• _PROBLEM STATEMENT_: All lines in the records below from the line with "鸡腿、水芹、胡萝卜、黄瓜、黄豆芽。" through the line with "La consejera municipal" are to be given again exactly, both ends included; the pictures are to be left out.

• _INFORMATION_:
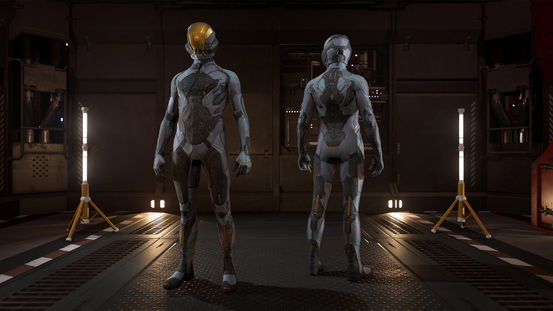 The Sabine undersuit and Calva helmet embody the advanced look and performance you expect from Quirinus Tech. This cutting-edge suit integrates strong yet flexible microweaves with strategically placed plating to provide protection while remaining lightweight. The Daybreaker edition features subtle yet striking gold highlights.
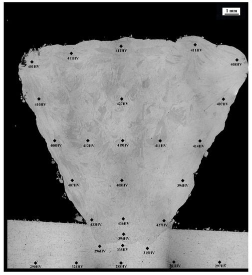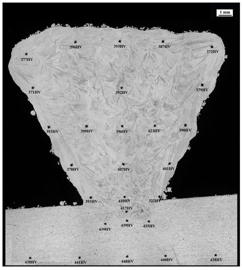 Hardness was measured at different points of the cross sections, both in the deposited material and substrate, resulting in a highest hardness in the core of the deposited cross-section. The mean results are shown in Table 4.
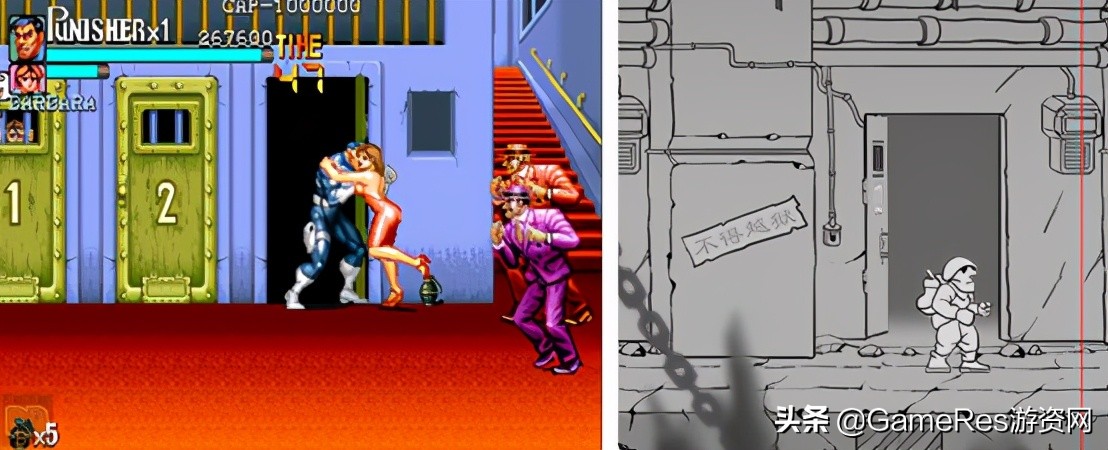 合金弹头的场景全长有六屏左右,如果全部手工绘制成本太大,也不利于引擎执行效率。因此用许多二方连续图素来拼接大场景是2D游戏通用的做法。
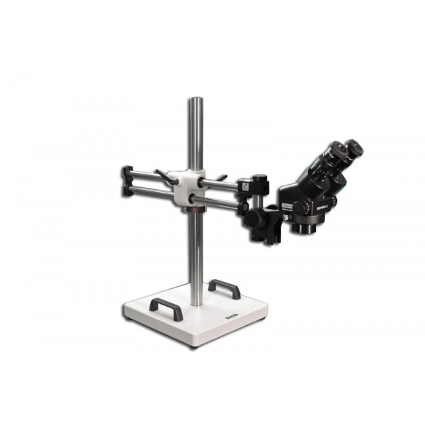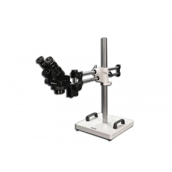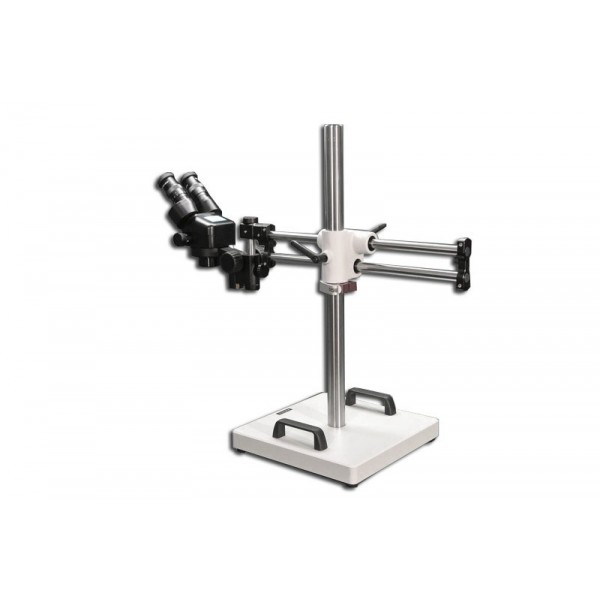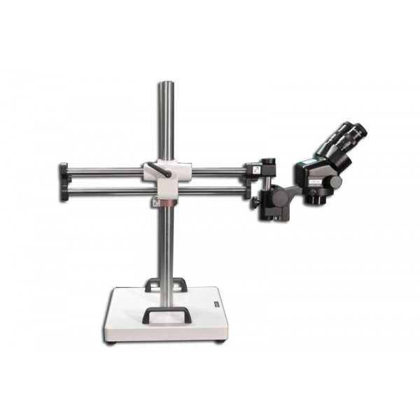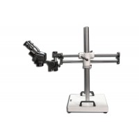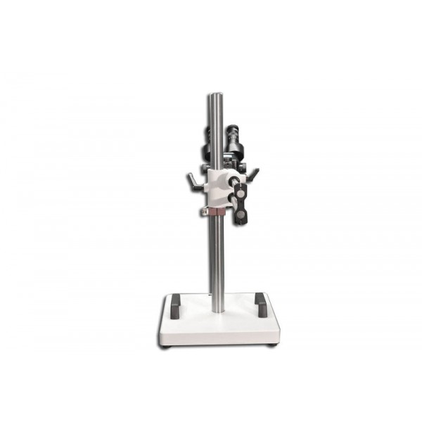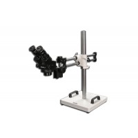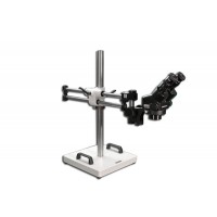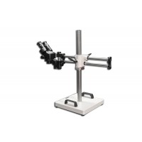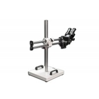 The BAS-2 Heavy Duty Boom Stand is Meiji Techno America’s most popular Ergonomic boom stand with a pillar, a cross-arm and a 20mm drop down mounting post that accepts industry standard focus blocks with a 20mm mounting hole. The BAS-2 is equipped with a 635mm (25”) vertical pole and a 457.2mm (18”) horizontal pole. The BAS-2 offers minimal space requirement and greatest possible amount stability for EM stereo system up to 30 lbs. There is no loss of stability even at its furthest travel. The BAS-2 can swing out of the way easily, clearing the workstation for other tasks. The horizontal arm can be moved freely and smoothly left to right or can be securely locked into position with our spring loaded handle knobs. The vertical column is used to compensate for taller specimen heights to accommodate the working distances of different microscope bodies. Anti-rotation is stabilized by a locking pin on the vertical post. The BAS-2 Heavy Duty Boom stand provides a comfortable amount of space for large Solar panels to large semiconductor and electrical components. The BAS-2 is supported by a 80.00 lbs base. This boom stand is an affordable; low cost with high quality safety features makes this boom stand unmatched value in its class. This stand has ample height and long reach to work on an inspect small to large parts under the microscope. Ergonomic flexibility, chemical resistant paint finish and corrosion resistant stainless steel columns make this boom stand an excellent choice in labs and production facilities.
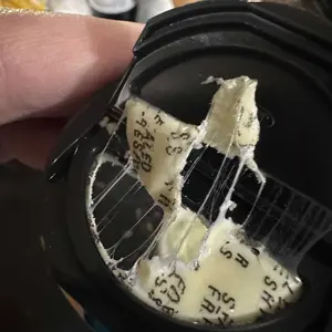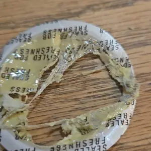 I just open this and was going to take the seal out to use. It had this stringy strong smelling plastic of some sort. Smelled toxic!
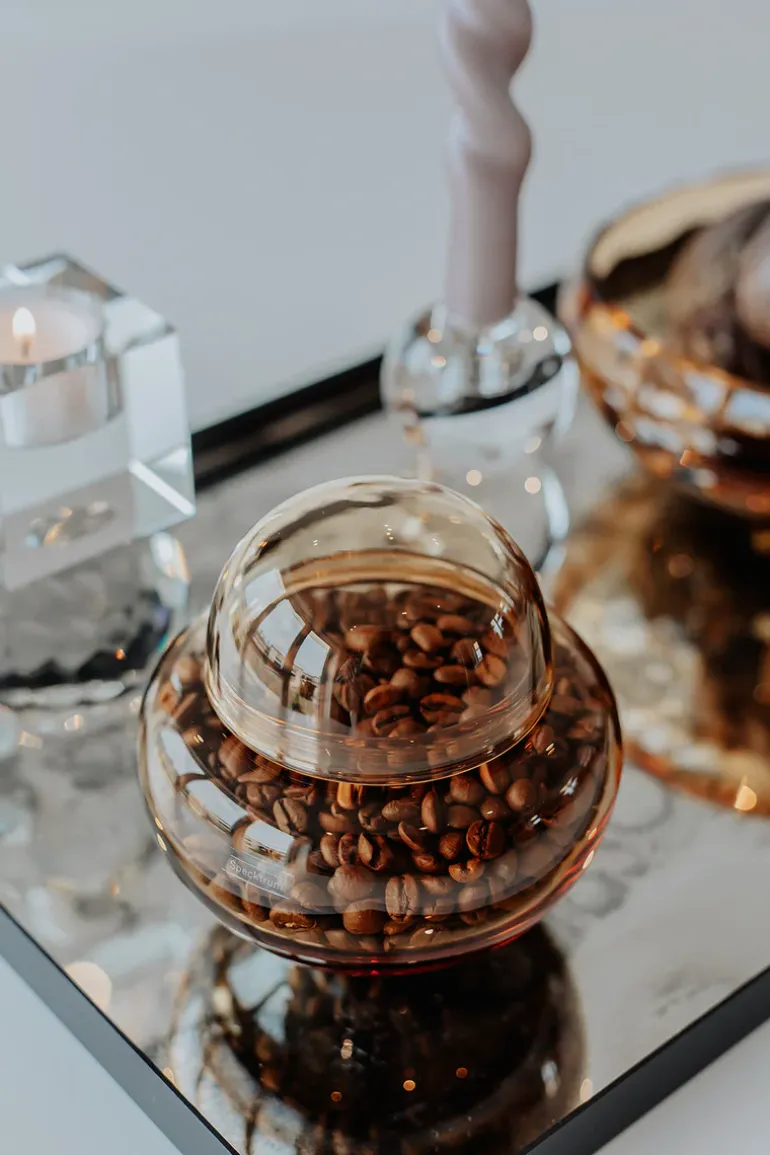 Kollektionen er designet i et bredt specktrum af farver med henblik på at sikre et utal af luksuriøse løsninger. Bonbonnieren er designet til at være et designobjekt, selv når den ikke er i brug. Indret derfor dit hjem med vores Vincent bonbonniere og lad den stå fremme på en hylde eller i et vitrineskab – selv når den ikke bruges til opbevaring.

==

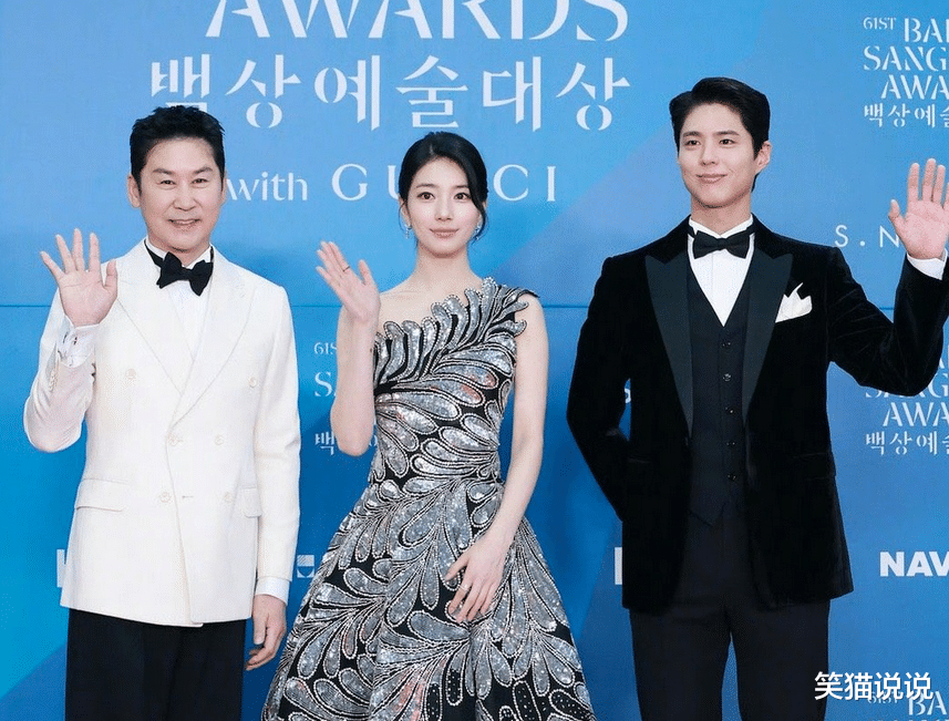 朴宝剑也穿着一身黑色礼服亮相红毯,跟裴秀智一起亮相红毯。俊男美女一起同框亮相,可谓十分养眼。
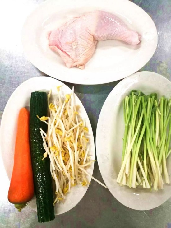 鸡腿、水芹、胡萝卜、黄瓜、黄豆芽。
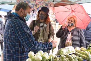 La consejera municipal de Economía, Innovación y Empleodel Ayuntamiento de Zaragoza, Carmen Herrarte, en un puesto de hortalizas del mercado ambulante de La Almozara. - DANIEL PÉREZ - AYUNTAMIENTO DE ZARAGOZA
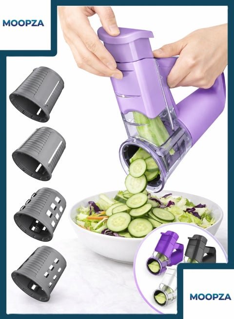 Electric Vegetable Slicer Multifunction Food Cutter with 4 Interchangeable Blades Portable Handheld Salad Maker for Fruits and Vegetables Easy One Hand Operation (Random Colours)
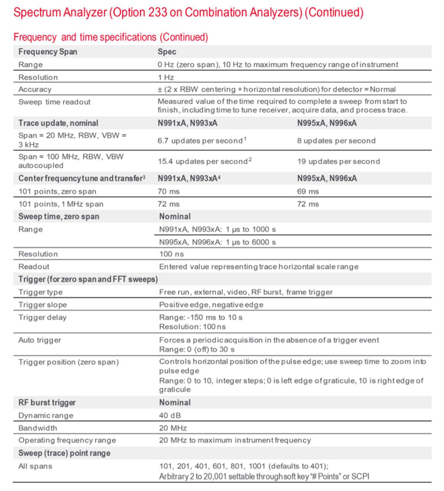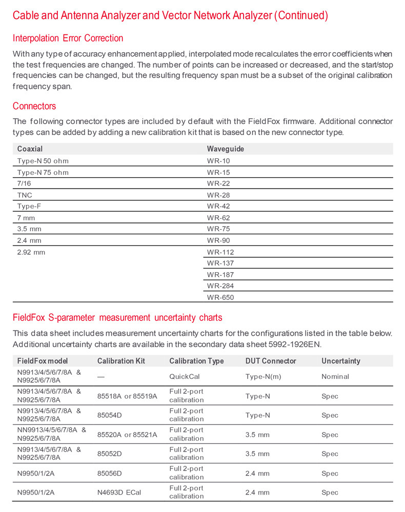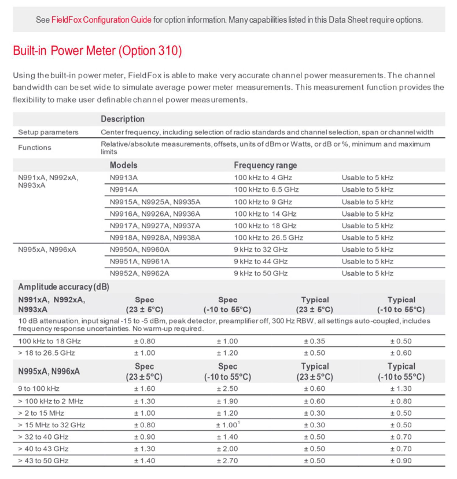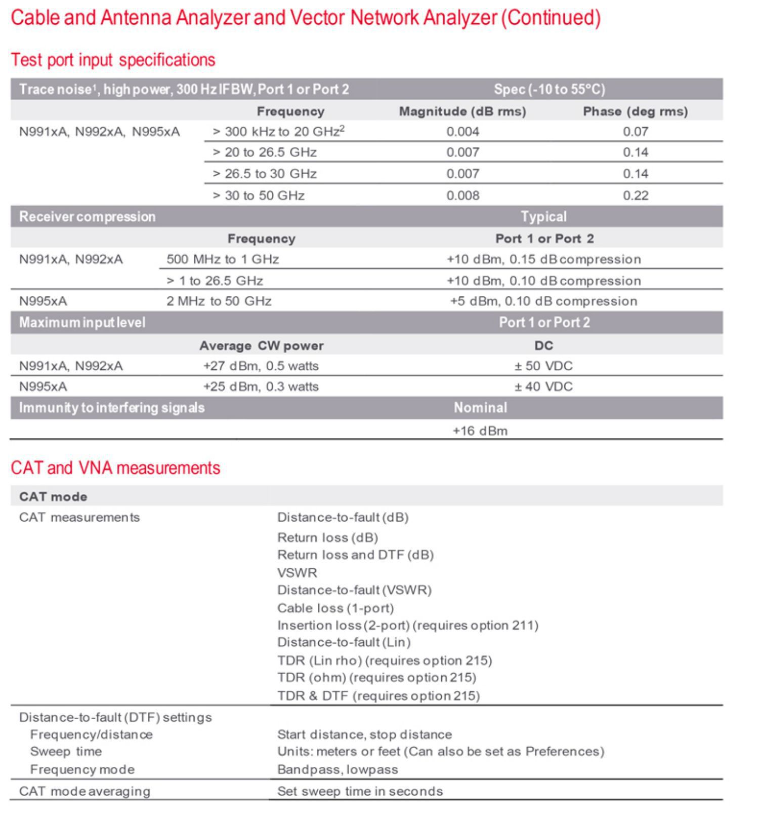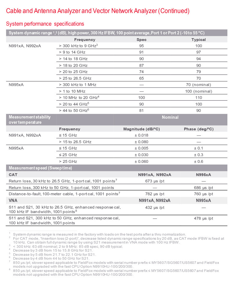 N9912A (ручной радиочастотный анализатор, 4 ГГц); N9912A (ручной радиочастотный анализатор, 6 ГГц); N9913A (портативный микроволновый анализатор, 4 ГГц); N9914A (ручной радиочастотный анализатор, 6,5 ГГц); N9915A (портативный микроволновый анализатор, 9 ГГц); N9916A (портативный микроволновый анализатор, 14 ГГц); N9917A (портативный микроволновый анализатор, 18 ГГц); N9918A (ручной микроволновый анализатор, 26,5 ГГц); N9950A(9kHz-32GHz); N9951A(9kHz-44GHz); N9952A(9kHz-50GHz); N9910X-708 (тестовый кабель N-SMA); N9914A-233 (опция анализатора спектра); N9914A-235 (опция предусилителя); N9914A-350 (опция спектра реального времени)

• _RESPONSE TO THE EXERCISE_:
 鸡腿、水芹、胡萝卜、黄瓜、黄豆芽。
 La consejera municipal de Economía, Innovación y Empleodel Ayuntamiento de Zaragoza, Carmen Herrarte, en un puesto de hortalizas del mercado ambulante de La Almozara. - DANIEL PÉREZ - AYUNTAMIENTO DE ZARAGOZA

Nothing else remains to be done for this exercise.